Michael Howell, the founder and CEO of Crossborder Capital, a London-based independent research and investment company, has offered a unique perspective on the current state of the global economy. Contrary to the prevailing narrative of monetary tightening, Howell believes that there is a rise in liquidity which will have a positive impact on stocks, gold, and cryptocurrencies.

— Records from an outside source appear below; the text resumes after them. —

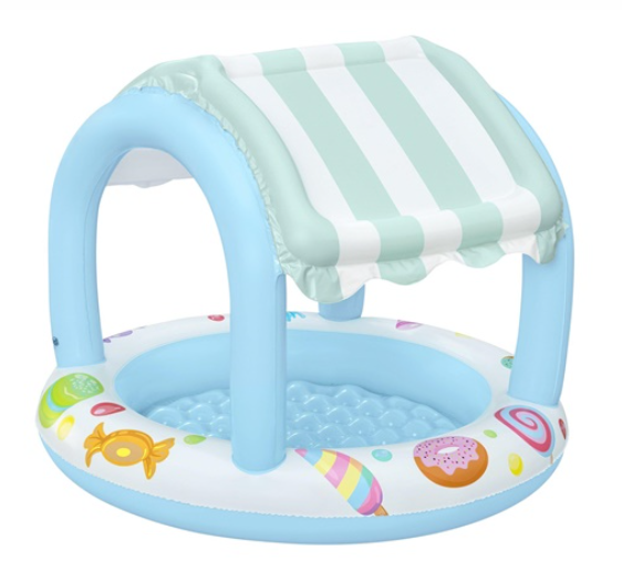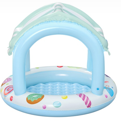 Детский надувной бассейн Bestway 52638 "Sweet Shoppe" с навесом - идеальное решение для малышей в жаркие летние дни. Яркий дизайн с конфетными мотивами и встроенный навес обеспечивают не только весёлое, но и безопасное времяпрепровождение на солнце.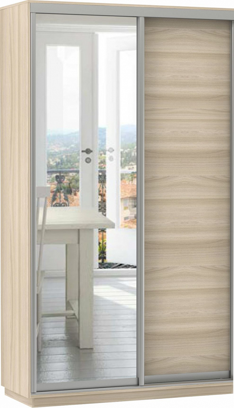Шкаф-купе E1 Экспресс 2-дверный Медиум дуо (фасад зеркало) Ясень шимо светлый 2200x1200x600 без модуля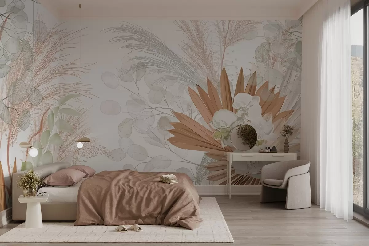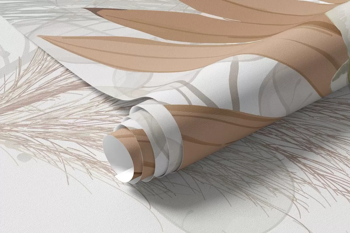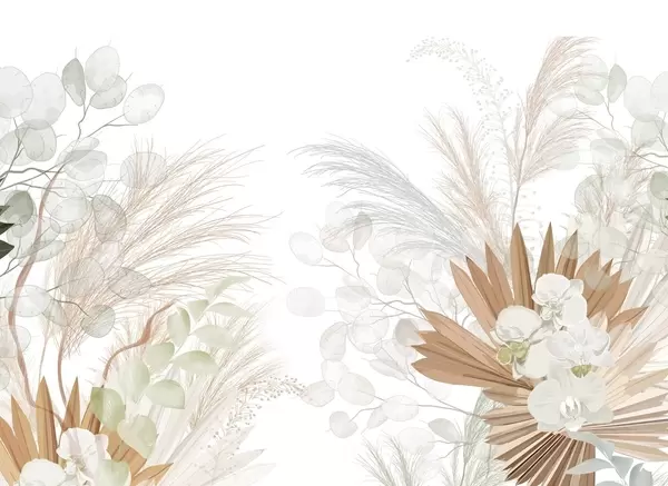 Fototapetai Pampų žolė, eukaliptas, tropiniai lapai ir orchidėjos balto fono, pastelinės spalvos Nr. w09366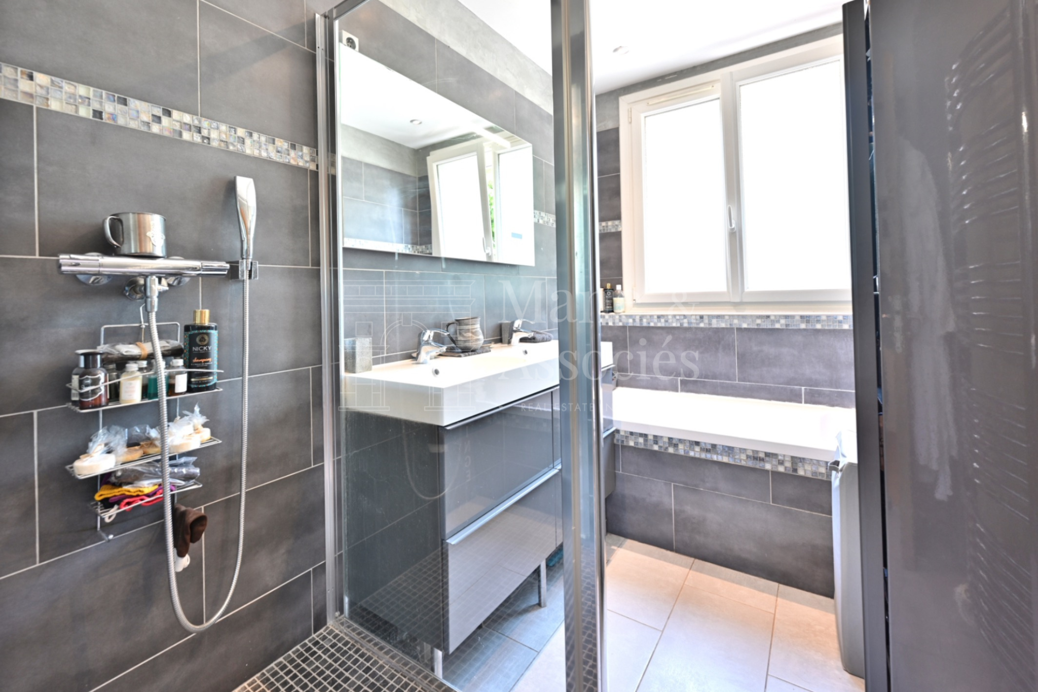 Il se compose d’une entrée menant à un double séjour avec salle à manger, d’une cuisine indépendante équipée et spacieuse, ainsi que d’une salle de bain avec baignoire, douche et double vasque. Deux chambres confortablescomplètent cet espace, avec la possibilité d’en créer une troisième.
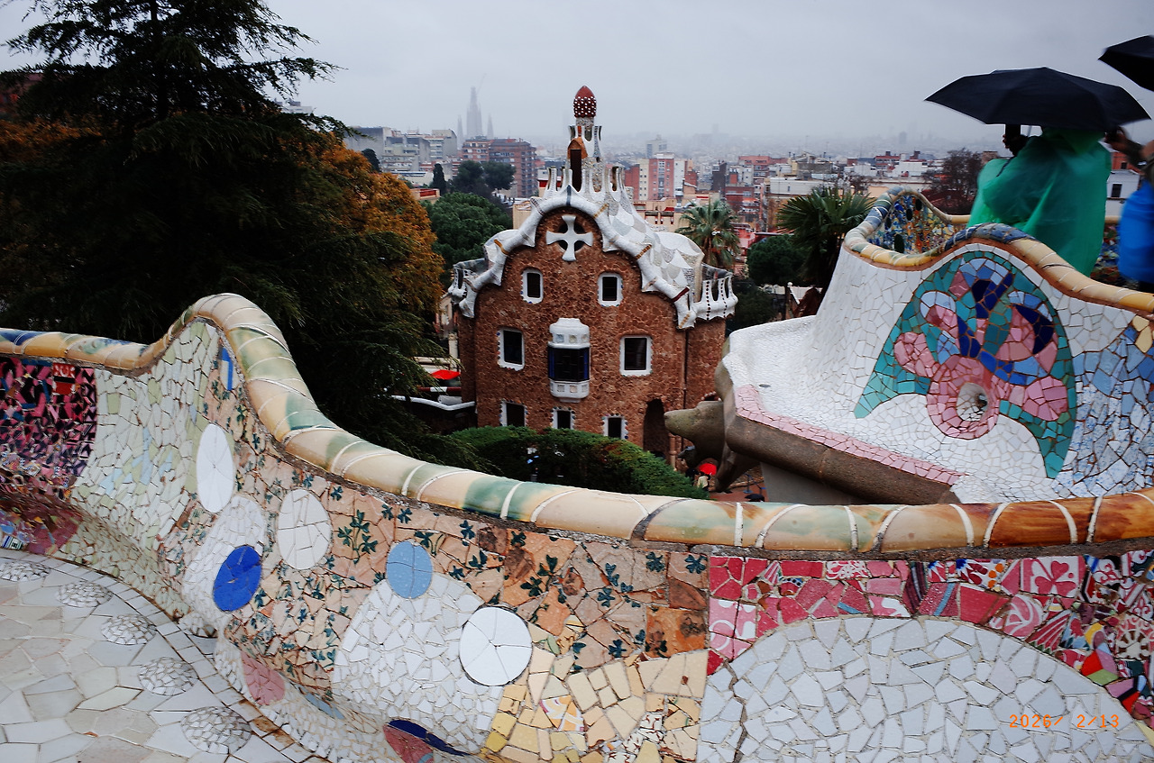 비가 와서 질퍽거리긴 했지만 다시금 가우디의 천재성을 엿볼 수 있던 공원이었다. 그는 정말 어떤 사람이었을까. 돌과 깨어진 조각들, 그들이 만들어낸 곡선의 공간. 자연과 어우러지는 건축물, 알록달록한 세계 속에 붙잡고 있던 의심과 분노는 저만치 두고 온 뒤였다.

Michael Howell: An Expert on Rising Global Liquidity and its Market Impact
With over $1 billion assets under management, Michael Howell has established himself as a veteran in the field of global finance. As the Head of Research for Baring Securities and Research Director of Solomon Brothers in the past, Howell has deep knowledge and understanding of international finance and economics. His focus on analyzing global liquidity trends and their impact on markets has made him a prominent figure in the industry. Howell recently appeared on Forward Guidance to shed light on the current macroeconomic landscape, emphasizing the continued rise in global liquidity and its positive effects on liquidity-sensitive assets such as stocks, gold, and cryptocurrencies. It is highly recommended to listen to the whole episode to gain valuable insights.
Howell's analysis is centered around the observation that, contrary to popular belief, the Federal Reserve has been injecting liquidity into markets in a subtle manner. This approach contradicts the prevailing narrative of monetary tightening that has dominated headlines. Despite a reduction in the Fed's balance sheet last year, Howell pointed out that Fed liquidity actually increased by 12 to 15%. This trend is not a temporary phenomenon but part of a longer-term pattern of monetary inflation, as central banks globally engage in what Howell describes as shadow quantitative easing and shadow yield curve control.
One significant factor contributing to the rise in Fed liquidity last year was the draining of the Reverse Repo (RRP) facility and the Bank Term Funding Program (BTFP). Howell anticipates that central bank liquidity will continue to unlock, especially once the RRP is fully drained, and he even suggests the possibility of the BTFP being renewed.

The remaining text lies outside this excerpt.